● DATA SHOWN
[Start of section]

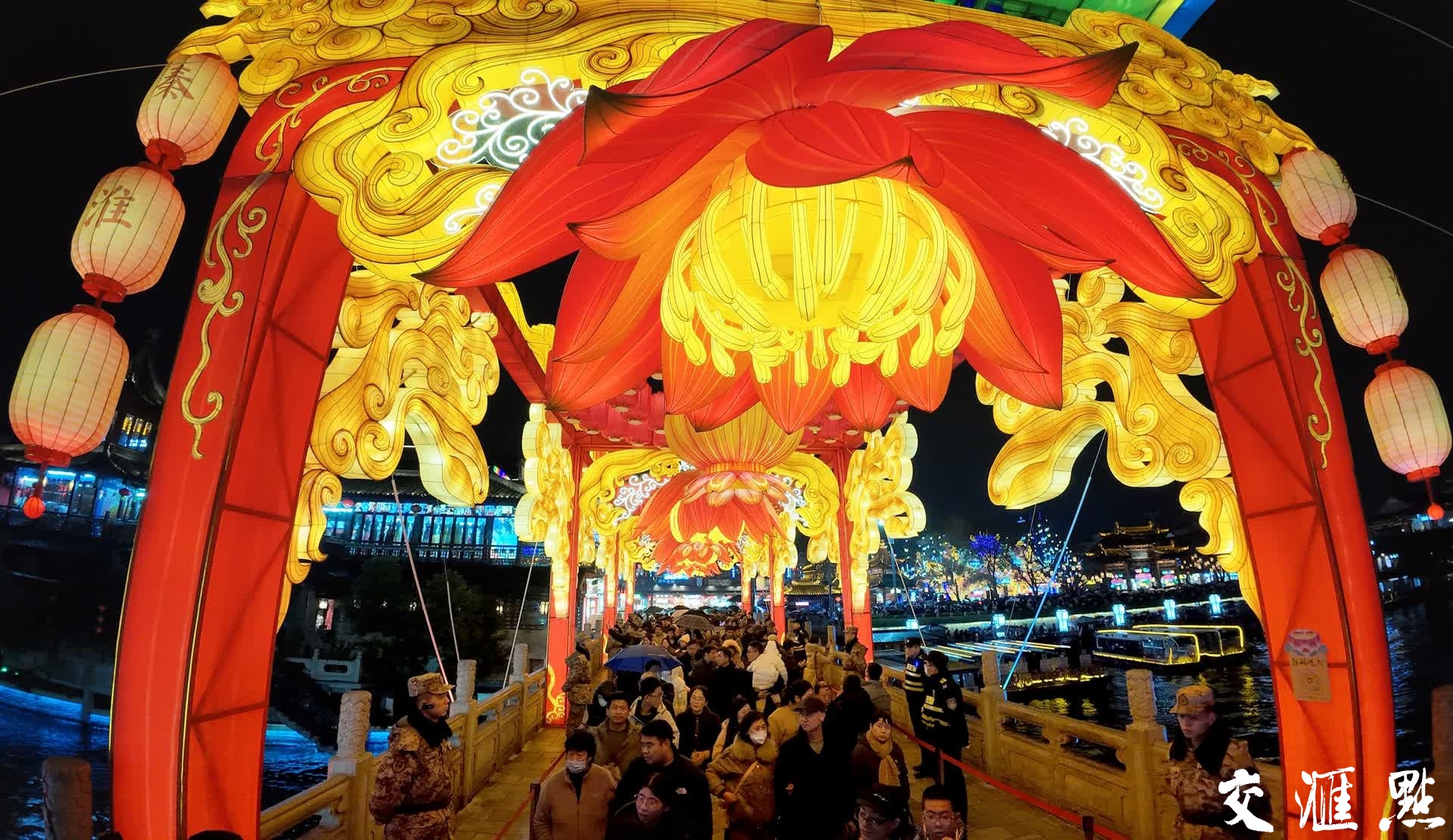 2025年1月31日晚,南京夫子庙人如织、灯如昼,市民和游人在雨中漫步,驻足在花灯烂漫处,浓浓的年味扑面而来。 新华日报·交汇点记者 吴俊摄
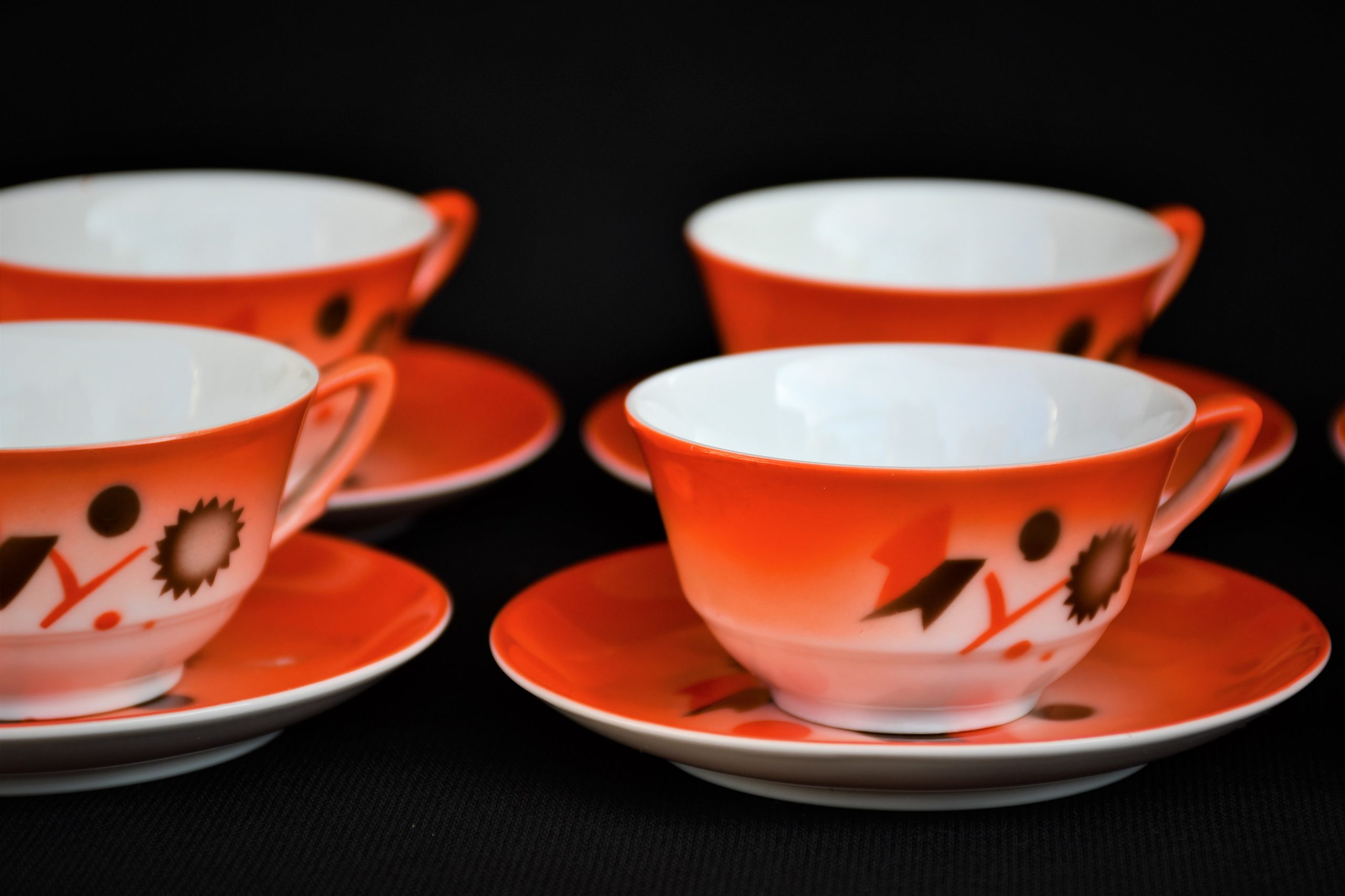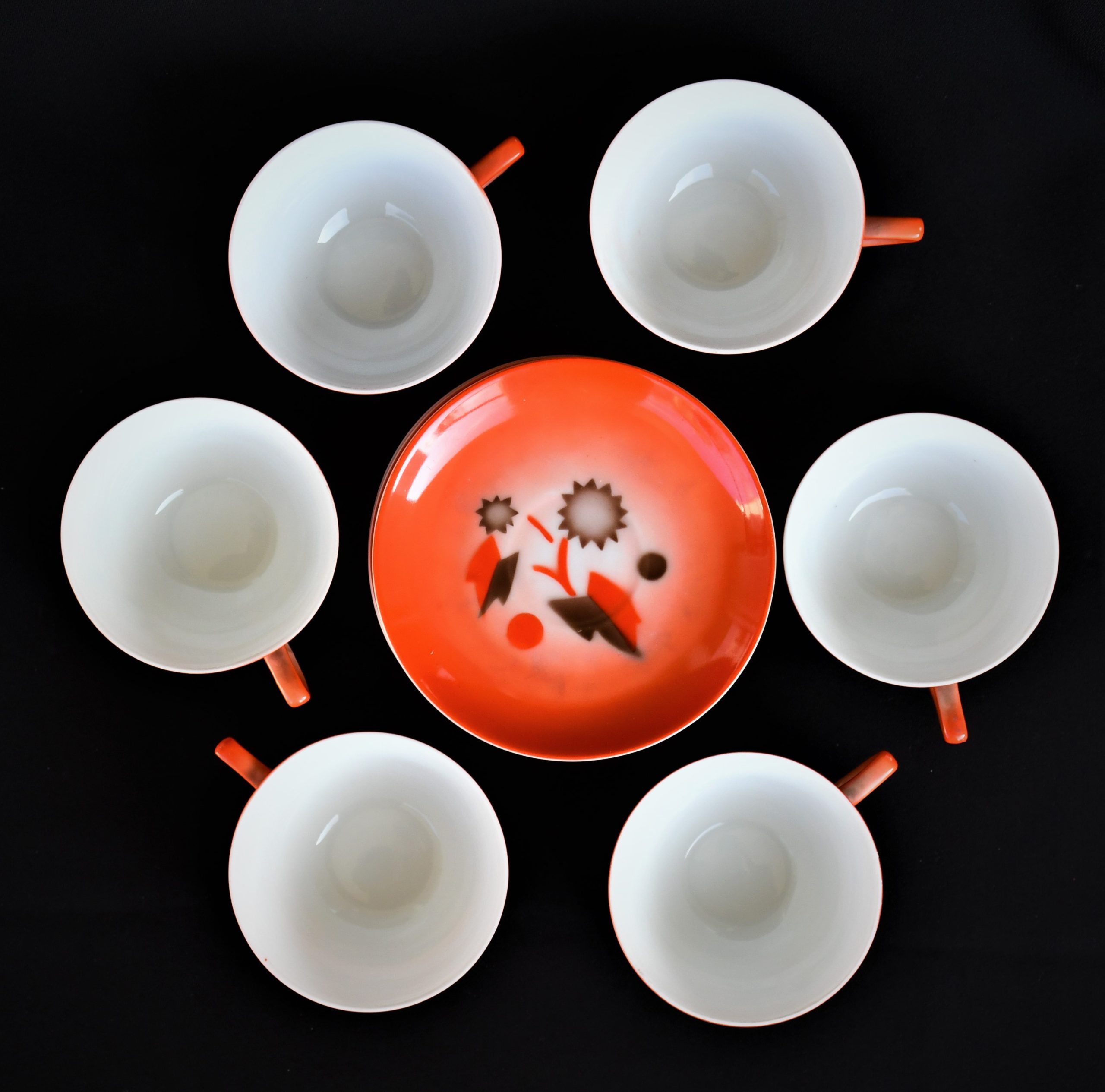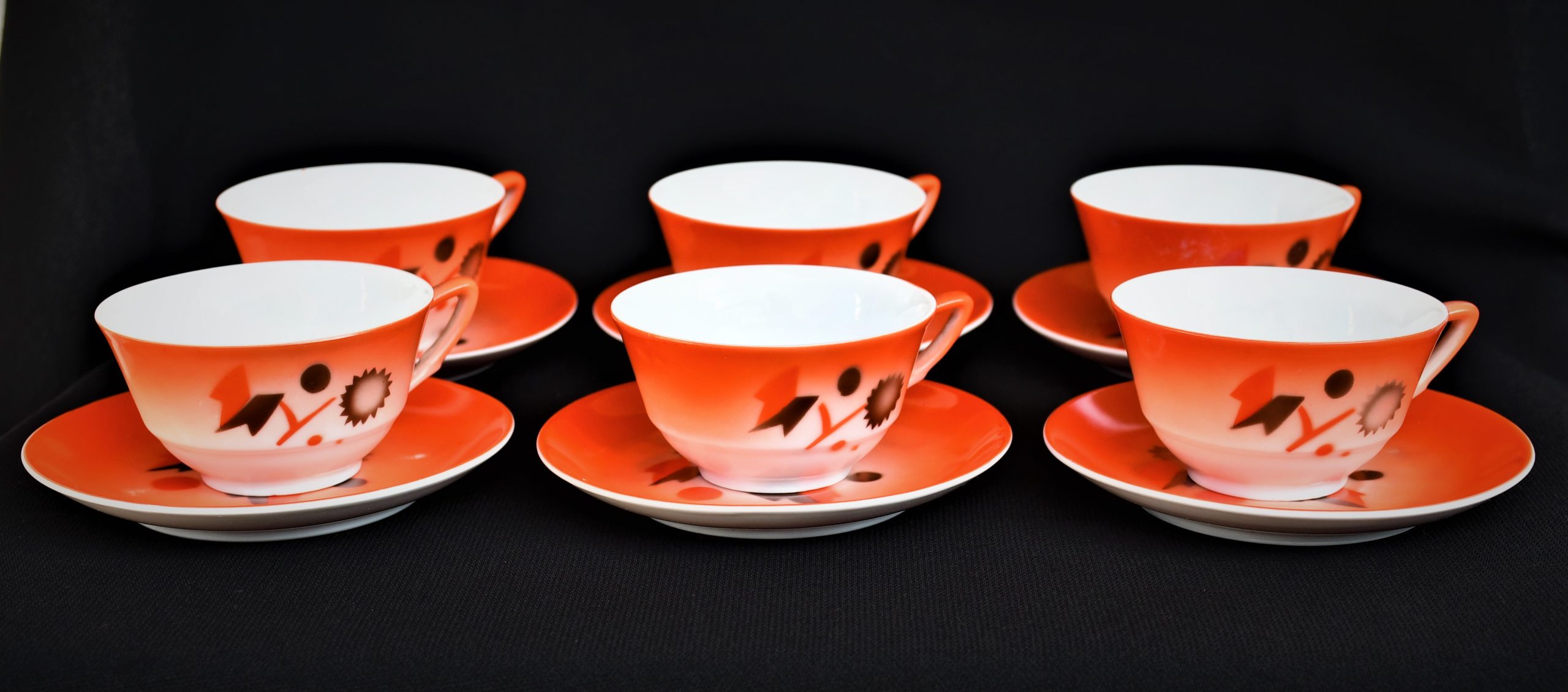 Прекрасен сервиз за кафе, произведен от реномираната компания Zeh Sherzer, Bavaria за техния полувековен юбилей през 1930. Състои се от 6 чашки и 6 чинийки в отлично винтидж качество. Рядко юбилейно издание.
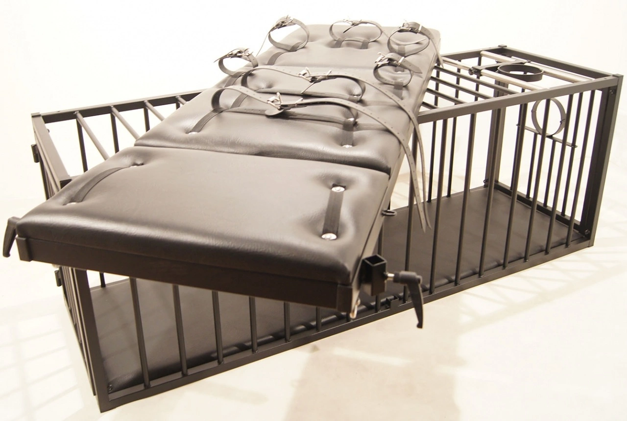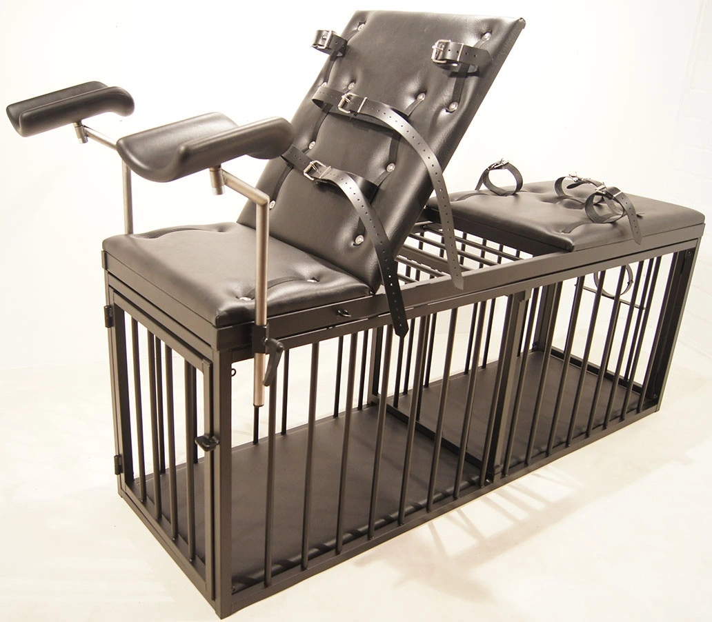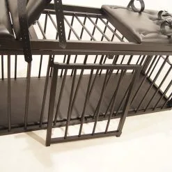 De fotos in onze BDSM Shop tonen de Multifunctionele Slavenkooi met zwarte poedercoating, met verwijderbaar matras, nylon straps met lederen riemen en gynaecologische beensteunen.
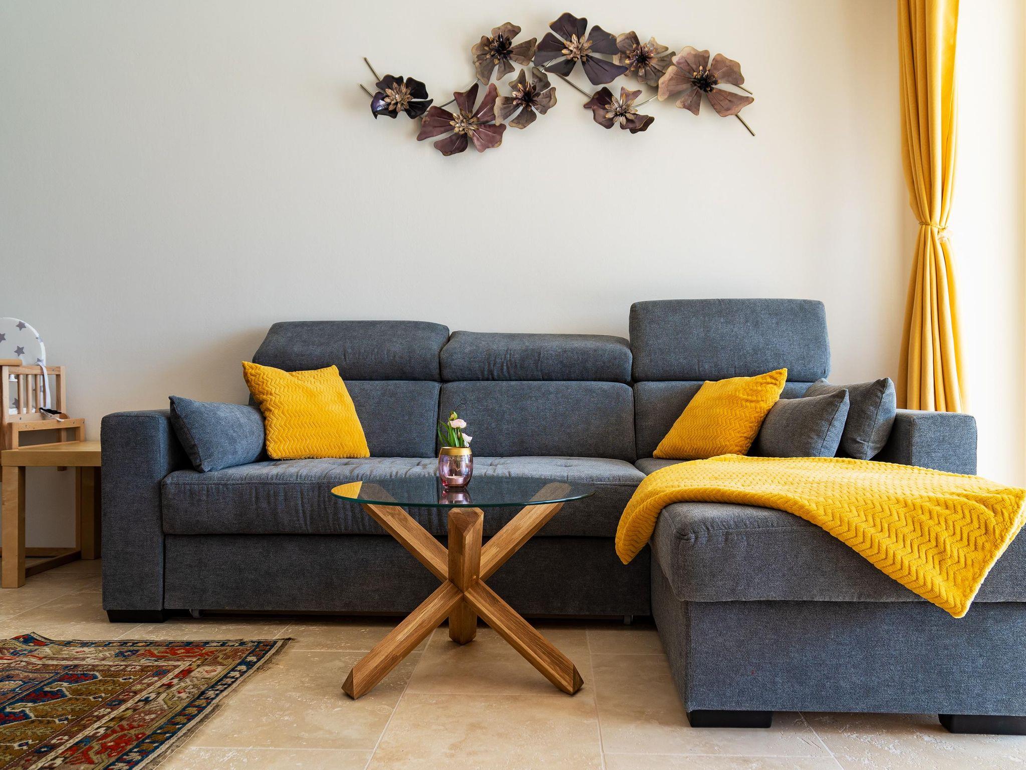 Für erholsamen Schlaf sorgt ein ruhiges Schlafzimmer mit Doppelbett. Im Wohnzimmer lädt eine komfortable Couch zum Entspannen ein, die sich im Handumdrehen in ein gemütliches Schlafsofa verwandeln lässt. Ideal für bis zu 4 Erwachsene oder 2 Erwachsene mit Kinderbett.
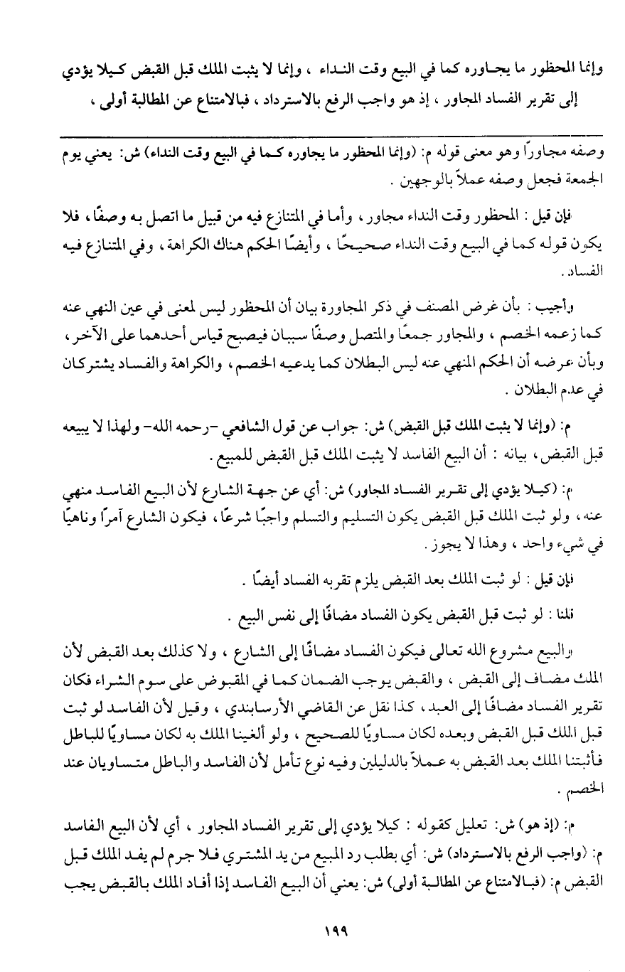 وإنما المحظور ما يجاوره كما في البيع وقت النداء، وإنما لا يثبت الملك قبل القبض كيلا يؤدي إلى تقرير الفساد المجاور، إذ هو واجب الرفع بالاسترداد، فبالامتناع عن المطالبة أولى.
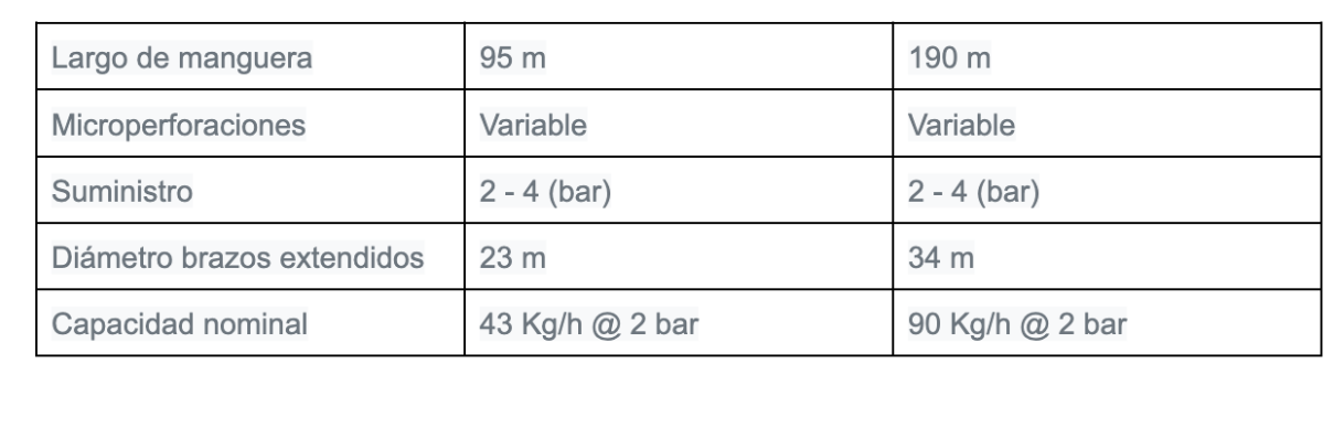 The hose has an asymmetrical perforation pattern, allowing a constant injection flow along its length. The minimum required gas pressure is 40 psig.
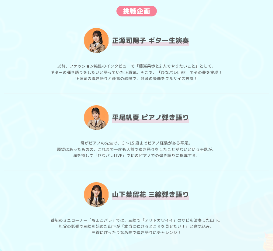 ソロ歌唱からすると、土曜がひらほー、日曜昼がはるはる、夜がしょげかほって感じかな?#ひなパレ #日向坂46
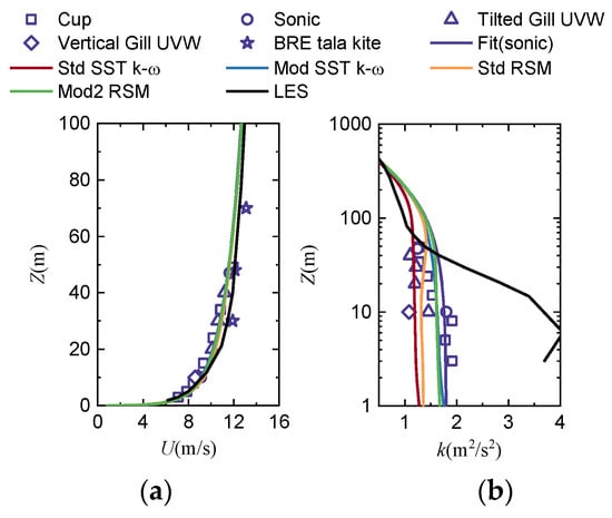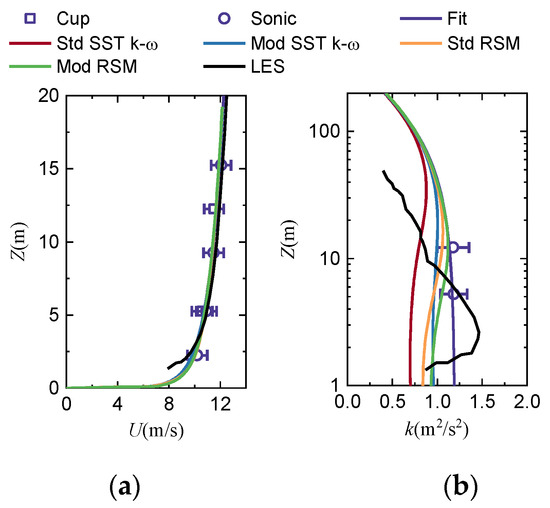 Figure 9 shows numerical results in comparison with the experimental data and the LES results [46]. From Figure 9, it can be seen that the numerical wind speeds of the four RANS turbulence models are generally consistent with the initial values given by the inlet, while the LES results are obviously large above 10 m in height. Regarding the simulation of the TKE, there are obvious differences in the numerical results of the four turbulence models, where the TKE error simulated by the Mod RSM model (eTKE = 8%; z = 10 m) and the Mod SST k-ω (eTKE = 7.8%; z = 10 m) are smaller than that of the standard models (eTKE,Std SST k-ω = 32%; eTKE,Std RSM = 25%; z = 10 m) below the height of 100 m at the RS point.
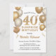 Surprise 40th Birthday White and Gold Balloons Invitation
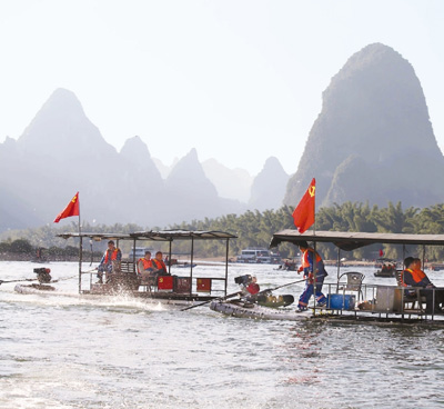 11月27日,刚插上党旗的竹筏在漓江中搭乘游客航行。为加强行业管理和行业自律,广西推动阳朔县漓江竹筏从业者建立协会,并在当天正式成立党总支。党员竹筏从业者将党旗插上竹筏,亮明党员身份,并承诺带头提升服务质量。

[End of section]

● INSTRUCTIONS TO FOLLOW
The lines from the one containing "Für erholsamen Schlaf" to the end of the material must be output exactly, both ends included; no picture may appear.

● RESPONSE BELOW
 Für erholsamen Schlaf sorgt ein ruhiges Schlafzimmer mit Doppelbett. Im Wohnzimmer lädt eine komfortable Couch zum Entspannen ein, die sich im Handumdrehen in ein gemütliches Schlafsofa verwandeln lässt. Ideal für bis zu 4 Erwachsene oder 2 Erwachsene mit Kinderbett.
 وإنما المحظور ما يجاوره كما في البيع وقت النداء، وإنما لا يثبت الملك قبل القبض كيلا يؤدي إلى تقرير الفساد المجاور، إذ هو واجب الرفع بالاسترداد، فبالامتناع عن المطالبة أولى.
 The hose has an asymmetrical perforation pattern, allowing a constant injection flow along its length. The minimum required gas pressure is 40 psig.
 ソロ歌唱からすると、土曜がひらほー、日曜昼がはるはる、夜がしょげかほって感じかな?#ひなパレ #日向坂46
 Figure 9 shows numerical results in comparison with the experimental data and the LES results [46]. From Figure 9, it can be seen that the numerical wind speeds of the four RANS turbulence models are generally consistent with the initial values given by the inlet, while the LES results are obviously large above 10 m in height. Regarding the simulation of the TKE, there are obvious differences in the numerical results of the four turbulence models, where the TKE error simulated by the Mod RSM model (eTKE = 8%; z = 10 m) and the Mod SST k-ω (eTKE = 7.8%; z = 10 m) are smaller than that of the standard models (eTKE,Std SST k-ω = 32%; eTKE,Std RSM = 25%; z = 10 m) below the height of 100 m at the RS point.
 Surprise 40th Birthday White and Gold Balloons Invitation
 11月27日,刚插上党旗的竹筏在漓江中搭乘游客航行。为加强行业管理和行业自律,广西推动阳朔县漓江竹筏从业者建立协会,并在当天正式成立党总支。党员竹筏从业者将党旗插上竹筏,亮明党员身份,并承诺带头提升服务质量。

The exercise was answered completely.